• _Goal of the exercise_
Repeat the listing word for word, but skip any pictures.

• _Data below_
○ ○ ○ ○ ○ ○ ○

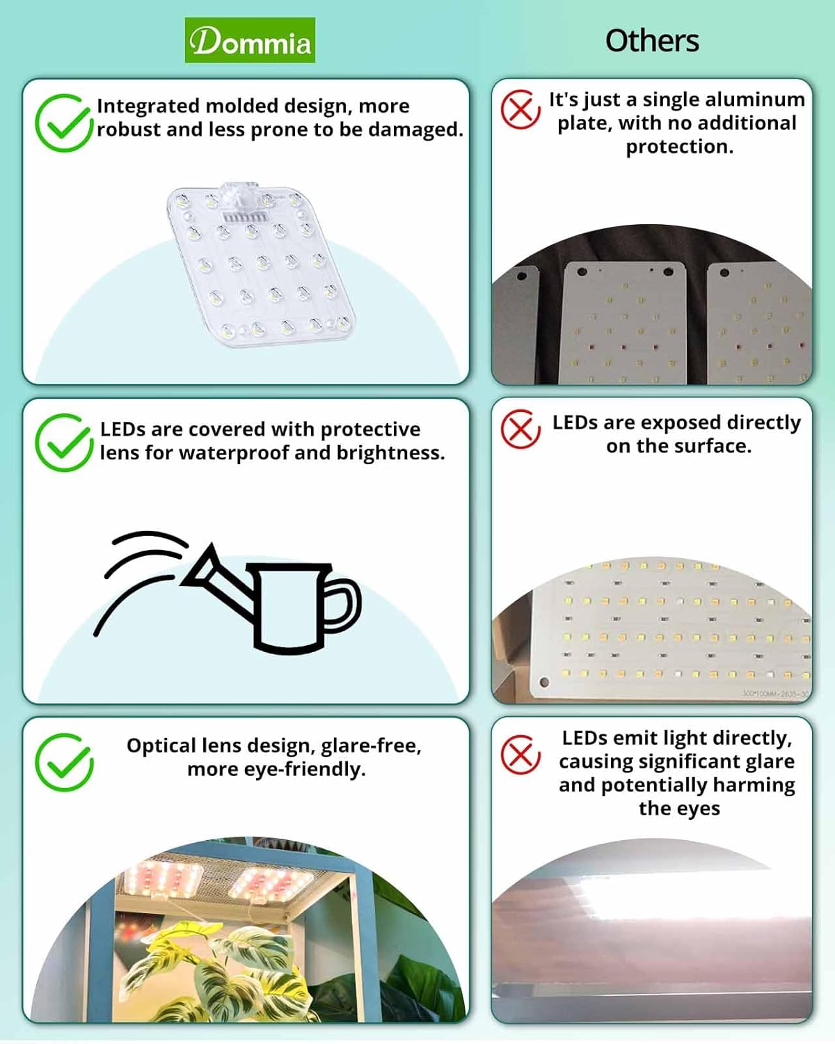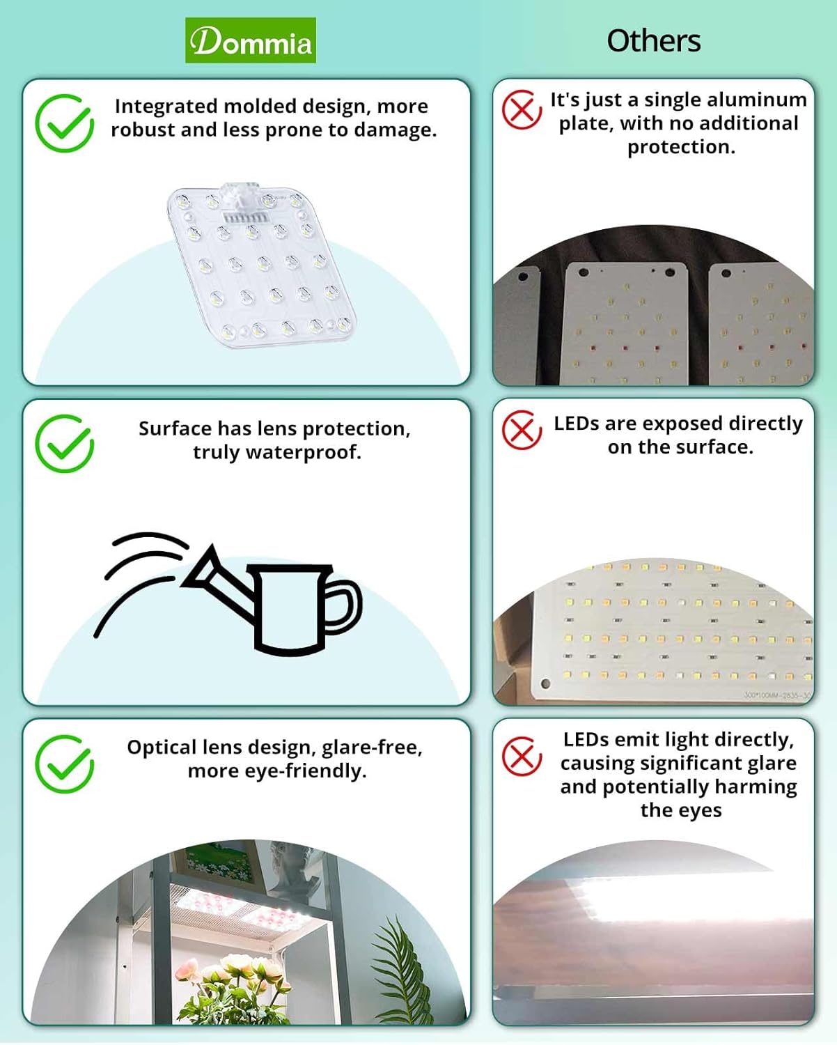 Experience a new level of growth with our innovative optical lens grow light. DOMMIA's advanced design incorporates optical lenses and thin aluminum panels to concentrate light energy, achieving over 95% light efficiency. This high-efficiency LED grow light ensures minimal light waste and maximum delivery to your plants, resulting in exceptional growth and yields.
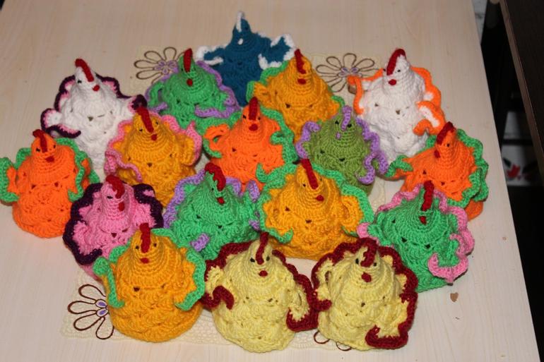 Спешу показать своих пасхальных курочек, готова первая партия, вязала неделю, высота одной около 10см
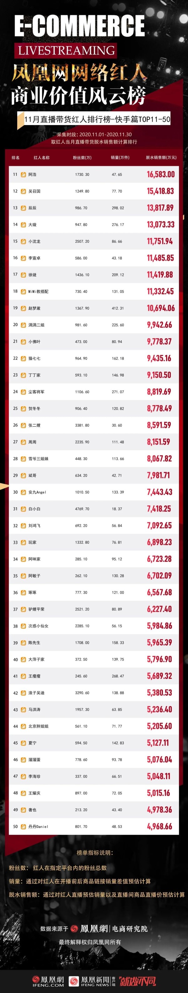 11月带货GMV排行榜-快手篇TOP11-50
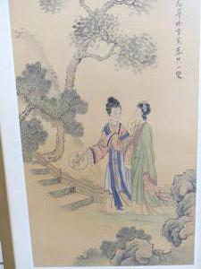chinese framed scroll painting, 47" x 24 1/4"

○ ○ ○ ○ ○ ○ ○

• _Solution to this task_
 Experience a new level of growth with our innovative optical lens grow light. DOMMIA's advanced design incorporates optical lenses and thin aluminum panels to concentrate light energy, achieving over 95% light efficiency. This high-efficiency LED grow light ensures minimal light waste and maximum delivery to your plants, resulting in exceptional growth and yields.
 Спешу показать своих пасхальных курочек, готова первая партия, вязала неделю, высота одной около 10см
 11月带货GMV排行榜-快手篇TOP11-50
chinese framed scroll painting, 47" x 24 1/4"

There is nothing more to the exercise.